Start of Block

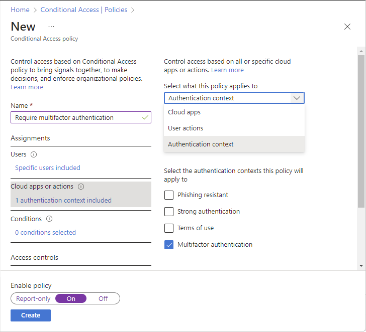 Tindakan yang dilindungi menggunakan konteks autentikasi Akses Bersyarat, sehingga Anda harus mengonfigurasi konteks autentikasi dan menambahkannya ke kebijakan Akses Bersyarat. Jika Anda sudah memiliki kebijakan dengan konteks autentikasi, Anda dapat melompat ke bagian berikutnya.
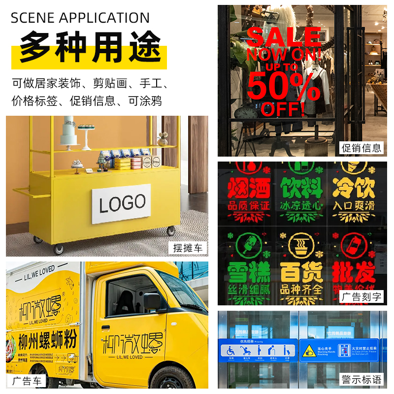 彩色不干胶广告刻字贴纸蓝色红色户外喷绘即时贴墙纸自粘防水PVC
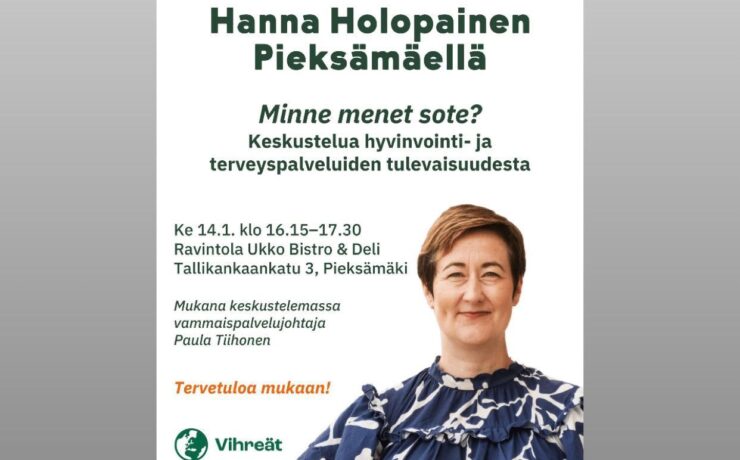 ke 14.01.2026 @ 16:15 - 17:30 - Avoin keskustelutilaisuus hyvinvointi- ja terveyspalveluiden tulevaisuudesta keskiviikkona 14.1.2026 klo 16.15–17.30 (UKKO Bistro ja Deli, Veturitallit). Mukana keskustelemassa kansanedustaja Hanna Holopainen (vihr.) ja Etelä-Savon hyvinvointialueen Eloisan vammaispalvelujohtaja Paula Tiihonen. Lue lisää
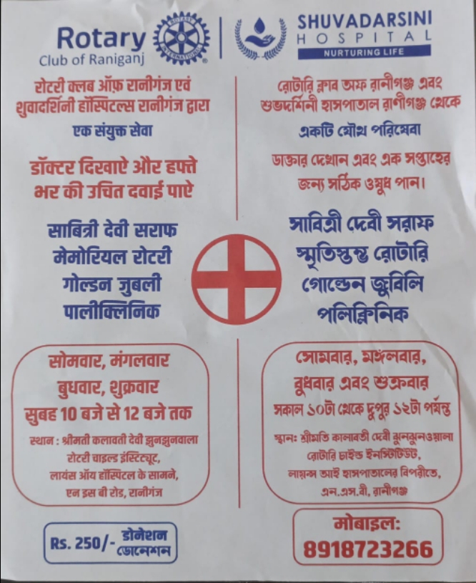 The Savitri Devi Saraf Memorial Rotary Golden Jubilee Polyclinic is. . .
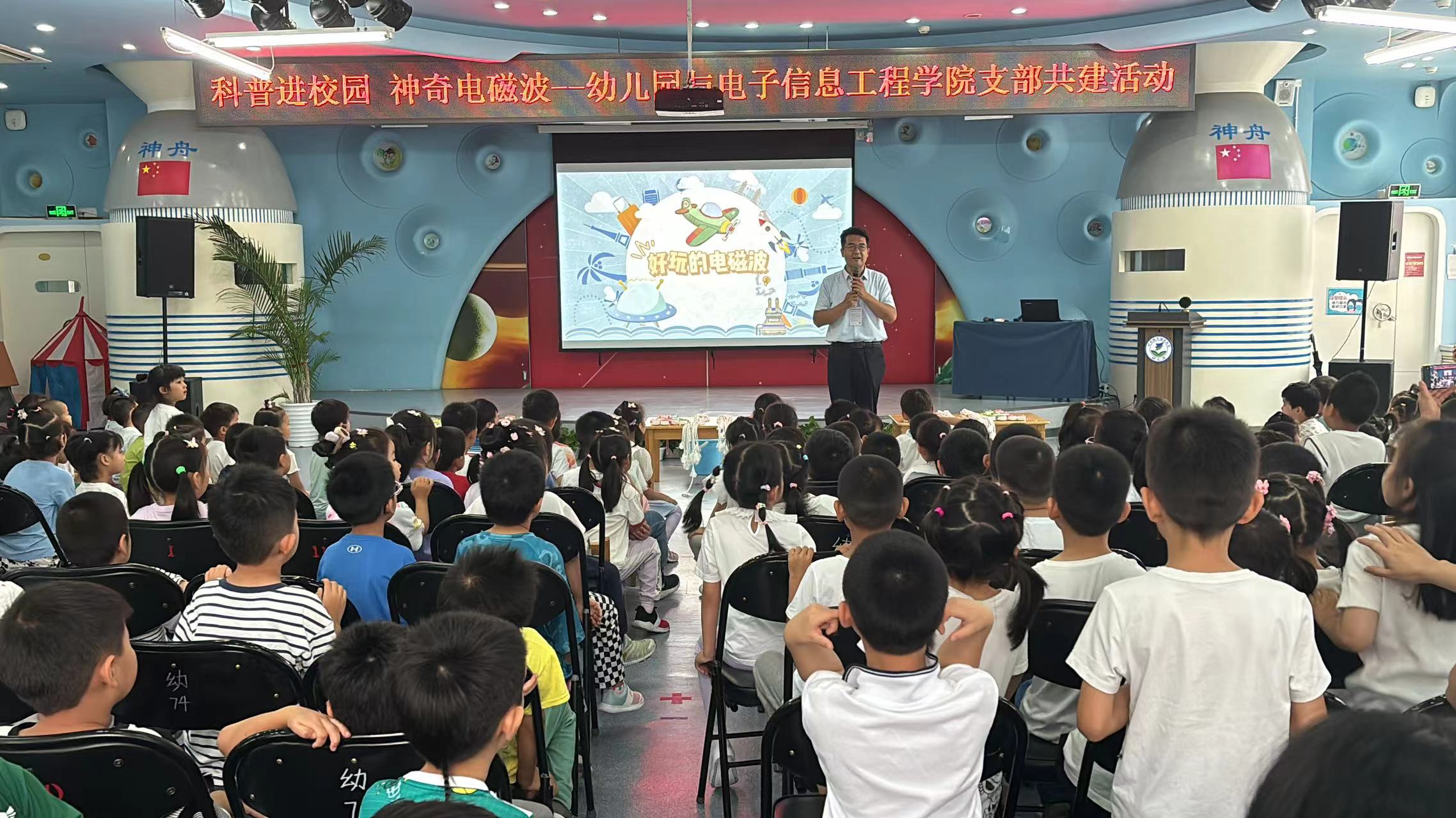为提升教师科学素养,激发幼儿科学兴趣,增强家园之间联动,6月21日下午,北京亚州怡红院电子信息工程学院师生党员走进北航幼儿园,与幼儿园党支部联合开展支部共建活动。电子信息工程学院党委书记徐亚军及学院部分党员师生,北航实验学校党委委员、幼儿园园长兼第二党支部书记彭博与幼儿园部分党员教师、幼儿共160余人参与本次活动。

End of Block

# What you will do
Exact repetition of the material above is required, with the images removed.

# Written solution
 Tindakan yang dilindungi menggunakan konteks autentikasi Akses Bersyarat, sehingga Anda harus mengonfigurasi konteks autentikasi dan menambahkannya ke kebijakan Akses Bersyarat. Jika Anda sudah memiliki kebijakan dengan konteks autentikasi, Anda dapat melompat ke bagian berikutnya.
 彩色不干胶广告刻字贴纸蓝色红色户外喷绘即时贴墙纸自粘防水PVC
 ke 14.01.2026 @ 16:15 - 17:30 - Avoin keskustelutilaisuus hyvinvointi- ja terveyspalveluiden tulevaisuudesta keskiviikkona 14.1.2026 klo 16.15–17.30 (UKKO Bistro ja Deli, Veturitallit). Mukana keskustelemassa kansanedustaja Hanna Holopainen (vihr.) ja Etelä-Savon hyvinvointialueen Eloisan vammaispalvelujohtaja Paula Tiihonen. Lue lisää
 The Savitri Devi Saraf Memorial Rotary Golden Jubilee Polyclinic is. . .
为提升教师科学素养,激发幼儿科学兴趣,增强家园之间联动,6月21日下午,北京亚州怡红院电子信息工程学院师生党员走进北航幼儿园,与幼儿园党支部联合开展支部共建活动。电子信息工程学院党委书记徐亚军及学院部分党员师生,北航实验学校党委委员、幼儿园园长兼第二党支部书记彭博与幼儿园部分党员教师、幼儿共160余人参与本次活动。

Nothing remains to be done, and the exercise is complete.